Another factor that can compromise seed germination is the presence of excess salts in the soil. According to Lima and Torres (2009), the tolerance of plants to excess salts can be determined by evaluating the germination percentage of seeds after exposing them to salinity that negatively affects plant growth and development. Dias et al. (2015) reported that salt stress negatively affects the germination of carrot seeds.
Biostimulants that are applied to seeds are generally chemicals; however, new natural and eco- friendly alternatives are needed for the sustainability of production systems. Agricultural biostimulants are a potential alternative to synthetic chemicals as they make the environment sustainable and resilient (Van Oosten et al., 2017). Among various natural biostimulants, seaweed extracts are potential and reliable candidates.

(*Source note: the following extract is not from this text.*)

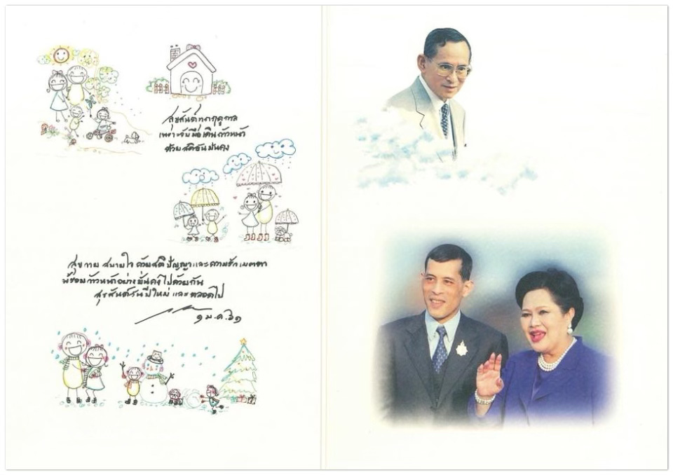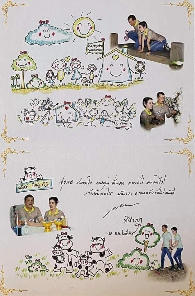 His card for New Year 2021 included photographs of himself and Sineenat, and drawings of a loving couple coloured yellow for the male and light blue for the female, with two children and a white poodle, as usual. A flag flying from a smiling anthropomorphised house declared “Happy New Year 2021” and even a hill in the background was smiling.

According to Khan et al. (2009), seaweed extracts can increase the crop performance because the bioactive compounds present in these extracts improve plant tolerance against abiotic stresses (Bulgari et al., 2019) such as water deficit, soil salinization, and exposure to sub-optimal growth temperatures (Du Jardin, 2015).

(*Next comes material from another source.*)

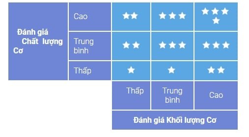 Cân bằng giữa Khối lượng Cơ và Chất lượng Cơ (càng nhiều trạng thái "sao" nghĩa là cơ càng tốt):

Jayaraj et al. (2008) reported that algae extracts minimize leaf diseases caused by Alternaria radicina in carrots. According to Peñuela et al. (2018), red algae are the source of polysaccharides in the carrageenan group, exhibiting an eliciting action and provoking defense responses in plants, possibly because of their high sulfate content (Mercier et al., 2001). However, few studies have been performed pertaining to the effects of algae-based biostimulants, especially red algae of the genus Solieria, on the physiology of seeds. This study aimed to determine the effect of a treatment with an algae-based biostimulant made from Solieria filiformis on the physiology and stress tolerance of carrot seeds.
Materials and methods
The study was performed at the Seed and Plant Pathology Laboratories at the Universidade Federal da Fronteira Sul, campus Chapecó, Brazil. Carrot seed cultivars (cv.) Nantes and Brasília Irecê were used. The extract used as biostimulant was a commercial product from the red alga S. filiformis containing 7.5 % of Mn, 13 % of S, and bioactive compounds, and with a density of 1.3 g/cm3. Bioactive compounds were identified by high-performance liquid chromatography (HPLC) using an HPLC equipment (HP model 1100), Lichrospher RP18 column (5 µm) equipped with a 210-nm UV detector, and a quaternary pump system. The reverse-phase analysis was performed using solvent A (Milli-Q water with 1 % phosphoric acid) and solvent B (acetonitrile). The gradient pumping system of the mobile phase used was 90 % of solvent A from 0 to 5 min; 60 % of solvent A from 5 to 40 min; and 90 % of solvent A from 45 to 50 min. The standard flow was maintained at 0.5 mL min−1, according to Bravo et al. (2006).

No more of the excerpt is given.